• _EXERCISE_
Every line from the line containing "Hladké pánske ponožky, ktoré" through the end of the data is to be reproduced exactly, excluding pictures.

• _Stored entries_
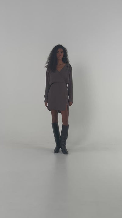Sukienka Rita zachwyca kobiecym krojem i starannie przemyślanymi detalami. Wykonana z mieszanki cupro i wiskozy o tłoczonym wzorze cętek, pięknie układa się na sylwetce i nadaje stylizacji luksusowego wykończenia. Delikatny rozporek u dołu, marszczenia przy dekolcie i na plecach oraz ozdobne guziki przy rękawach dodają sukience wyjątkowych detali, podkreślając jej unikalny styl.
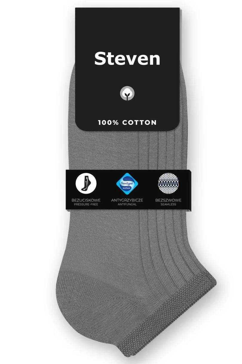 Hladké pánske ponožky, ktoré sú vyrobené z bavlny (100%). Ponožky sú vyrobené z veľmi kvalitnej bavlny SANITIZED, ktorá znižuje bakteriálnu a mykotickú aktivitu a ktorá neutralizuje nepríjemný zápach. Model má lem, ktorý pri nosení netlačia. Ponožky sú vďaka bezšvovej technológii pohodlné a komfortné. Model je mäkký, pohodlný a je vhodný na každodenné nosenie.
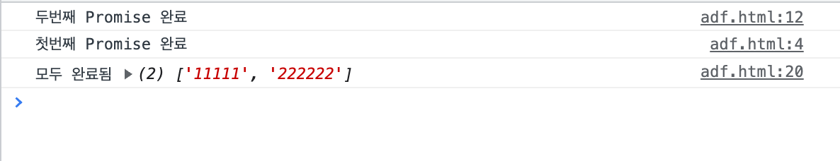promise1과 promise2가 완료 되야지만 Promise.all이 실행된다
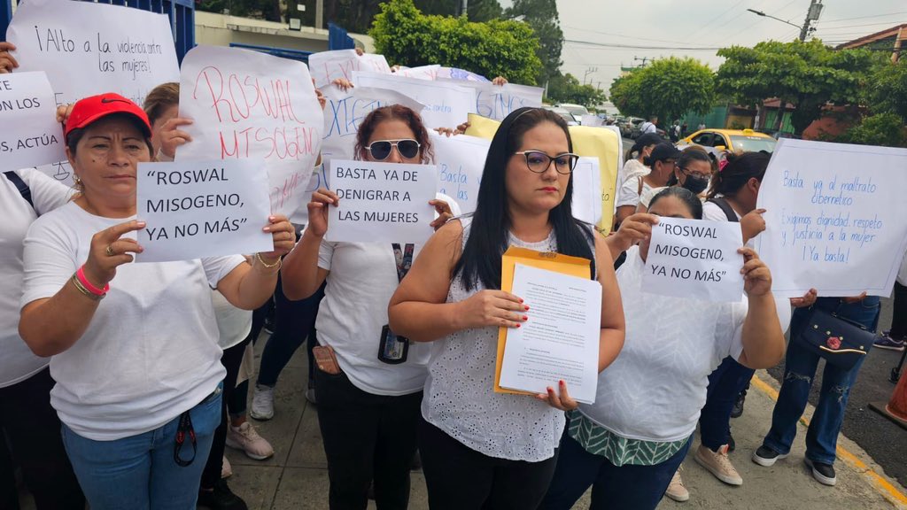 Este lunes, las representantes del Movimiento de Mujeres Organizadas de El Salvador se presentaron frente a las instalaciones de la Fiscalía General de la República (FGR), para interponer una denuncia penal en contra del Secretario General del Sindicato de Trabajadoras y Trabajadores del Órgano Judicial (SITTOJ), Roswal Solórzano.
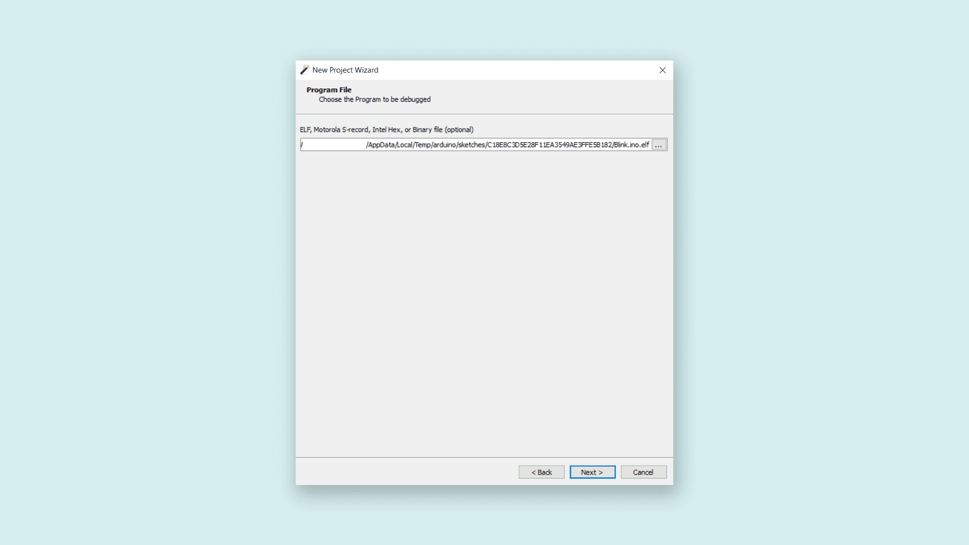 Now you get to the window that asks you to select the program to be debugged, this is where you load the project's
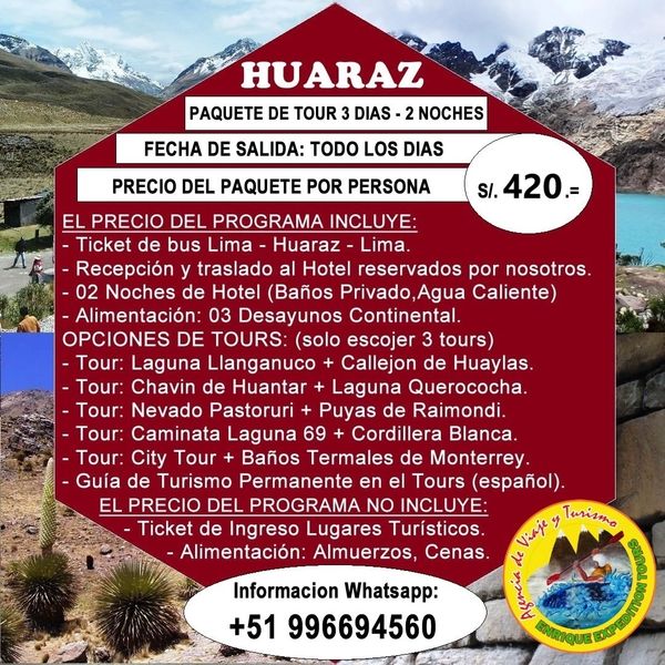 * Huaraz Viajes Turismo 3 dias – 2 noches
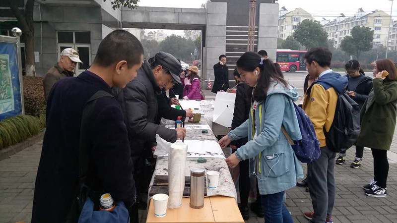 书画协会在嘉兴学院梁林校区门口举办了主题为“占尽春色在此间”的书画笔会,届时请来了鸳鸯湖诗社韩振良、王志南、方遒、张建浩、张建林、王印芳、刘学明、毛发荣、胡尚尧、高贤、张楚等十几位老师与av在线看
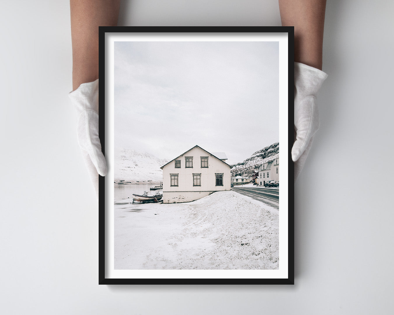 Museum-quality fine art piece (hand-signed in pencil, with a certificate of authenticity) by Adam Biernat, an award-winning fine art photographer published in the top Icelandic magazines. It features a white, rustic Icelandic house standing by the fjord in the small fishing town of Seyðisfjörður.
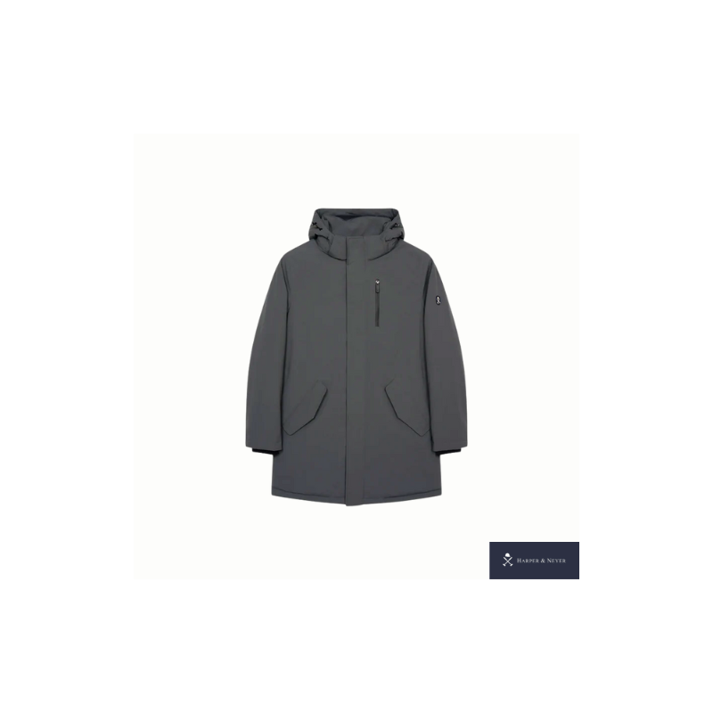 Chaqueta de corte recto y largo medio confeccionada en tejido técnico. Incluye capucha ajustable, cierre de cremallera con solapa cortavientos, bolsillos delanteros con tapeta y bolsillo vertical en el pecho. Presenta logo bordado en la manga y acabados interiores que refuerzan el aislamiento térmico.
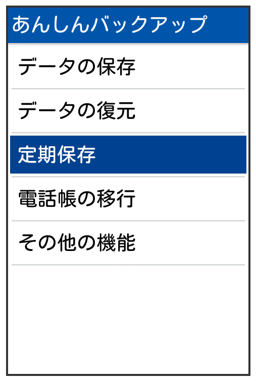保存先をに設定したときは、電話帳データ/お気に入りデータ/カレンダーデータのみ保存します。 - メールデータは定期保存できません。
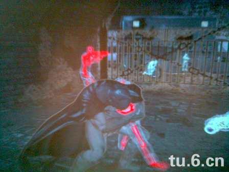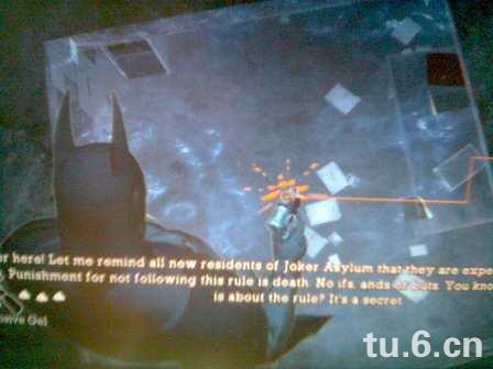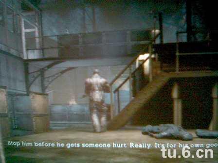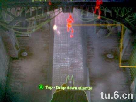 之后进门,看到前面围着一群武装起来的敌人,正面冲突也可以,但蝙蝠侠的拳头毕竟快不过子弹,所以还是按提示绕到他们后面,然后静悄悄的干晕他们。这一点疯人院又吸收了分裂细胞系列中的潜入与偷袭要素,玩起来更有感觉了,这也让我们更加认识到了蝙蝠侠智勇双全的另一面

• _REPLY TO THE EXERCISE_
 Hladké pánske ponožky, ktoré sú vyrobené z bavlny (100%). Ponožky sú vyrobené z veľmi kvalitnej bavlny SANITIZED, ktorá znižuje bakteriálnu a mykotickú aktivitu a ktorá neutralizuje nepríjemný zápach. Model má lem, ktorý pri nosení netlačia. Ponožky sú vďaka bezšvovej technológii pohodlné a komfortné. Model je mäkký, pohodlný a je vhodný na každodenné nosenie.
promise1과 promise2가 완료 되야지만 Promise.all이 실행된다
 Este lunes, las representantes del Movimiento de Mujeres Organizadas de El Salvador se presentaron frente a las instalaciones de la Fiscalía General de la República (FGR), para interponer una denuncia penal en contra del Secretario General del Sindicato de Trabajadoras y Trabajadores del Órgano Judicial (SITTOJ), Roswal Solórzano.
 Now you get to the window that asks you to select the program to be debugged, this is where you load the project's
 * Huaraz Viajes Turismo 3 dias – 2 noches
 书画协会在嘉兴学院梁林校区门口举办了主题为“占尽春色在此间”的书画笔会,届时请来了鸳鸯湖诗社韩振良、王志南、方遒、张建浩、张建林、王印芳、刘学明、毛发荣、胡尚尧、高贤、张楚等十几位老师与av在线看
 Museum-quality fine art piece (hand-signed in pencil, with a certificate of authenticity) by Adam Biernat, an award-winning fine art photographer published in the top Icelandic magazines. It features a white, rustic Icelandic house standing by the fjord in the small fishing town of Seyðisfjörður.
 Chaqueta de corte recto y largo medio confeccionada en tejido técnico. Incluye capucha ajustable, cierre de cremallera con solapa cortavientos, bolsillos delanteros con tapeta y bolsillo vertical en el pecho. Presenta logo bordado en la manga y acabados interiores que refuerzan el aislamiento térmico.
保存先をに設定したときは、電話帳データ/お気に入りデータ/カレンダーデータのみ保存します。 - メールデータは定期保存できません。
 之后进门,看到前面围着一群武装起来的敌人,正面冲突也可以,但蝙蝠侠的拳头毕竟快不过子弹,所以还是按提示绕到他们后面,然后静悄悄的干晕他们。这一点疯人院又吸收了分裂细胞系列中的潜入与偷袭要素,玩起来更有感觉了,这也让我们更加认识到了蝙蝠侠智勇双全的另一面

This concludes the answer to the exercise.